Preoperative preparation using CTA and sDSA images in representative segmental arteries. White arrows indicate the bifurcation of the right T11 segmental artery; white arrowheads, the left L3 segmental artery; black arrow, artery of Adamkiewicz; black arrowhead, epidural arteriovenous fistula. The bifurcation of the segmental arteries from the aorta is marked on axial CTA images (A and B). C: The markers for bifurcations are merged with vascular and spine images. The markers and segmental arteries are shown in different colors. D and E: The pointed bifurcation and structure of the right T11 radicular artery are fused with the vertebral structures. F and G: The feeder and drainer of the spinal epidural arteriovenous fistula were reconstructed and fused, respectively.

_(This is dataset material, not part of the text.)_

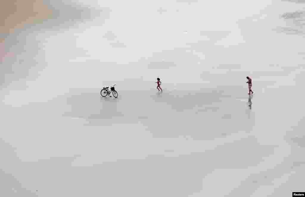 A girl runs toward her bicycle on a beach in Guaruja, Sao Paulo state, Brazil, June 18, 2019.
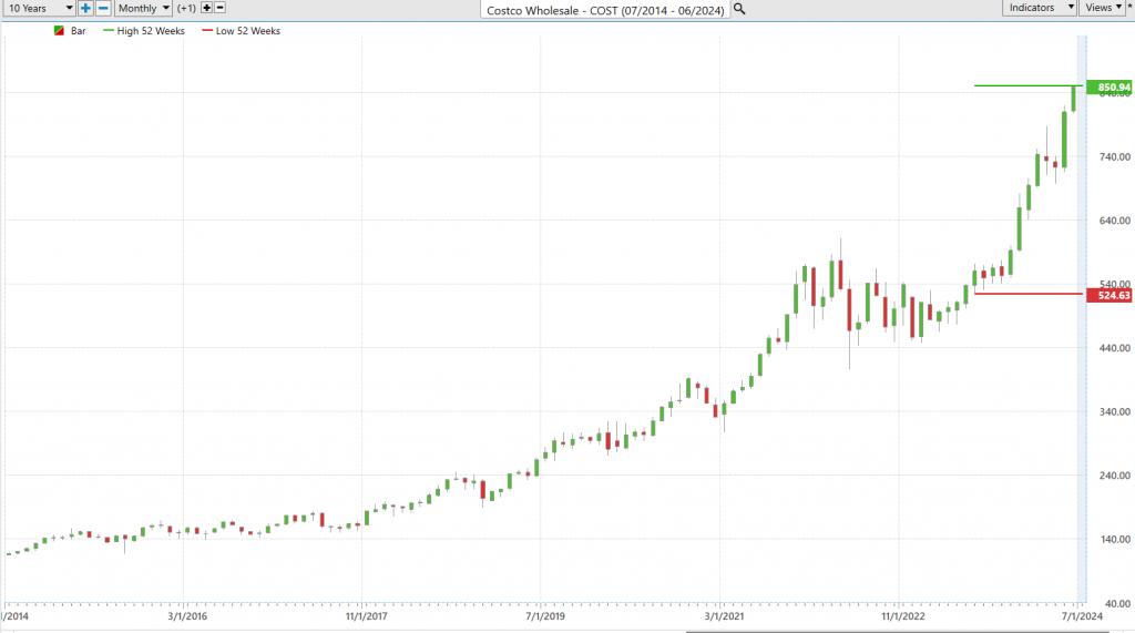 Let’s zoom out for a moment, pull up a long-term chart, and take a real good look at the journey this giant has been on. If you survey the span of the last decade, you’ll see that $COST has been hitting new 52-week highs year after year. That’s not just growth; that’s a testament to sustained, superior performance. More importantly for 6 of the last 12 months it has been making new 52-week highs and new 10-year highs simultaneously.

The same method was applied to all segmental arteries. Fusion and intraprocedural images. H: The sDSA was performed, referring to the fusion image. I–K: The intraprocedural and fusion images were shown on the screen. sDSA shows canulation and angiography of the right T11 segmental artery. The right T11 segmental artery was selected based on the fusion image and the bony structure. The artery of Adamkiewicz branches from the right T11 radicular artery. L–N: sDSA showing canulation and angiography of the left L3 segmental artery. The left L3 segmental artery was selected based on the fusion image. An epidural spinal arteriovenous fistula was also identified. The same method was applied to all segmental arteries.

FIG. 3.

The epidural arteriovenous fistula is fed by the right L2 (A) and left L2 (B) and L3 (C) segmental arteries and is drained into the radiculomedullary vein (black arrowheads).

FIG. 4.

Postoperative radiological images. A: Sagittal short tau inversion recovery MRI sequence shows that the flow voids resolved and spinal cord edema decreased. B: Sagittal CTA image shows that vascular enhancement on the ventral and dorsal surface of the thoracolumbar spinal cord disappeared.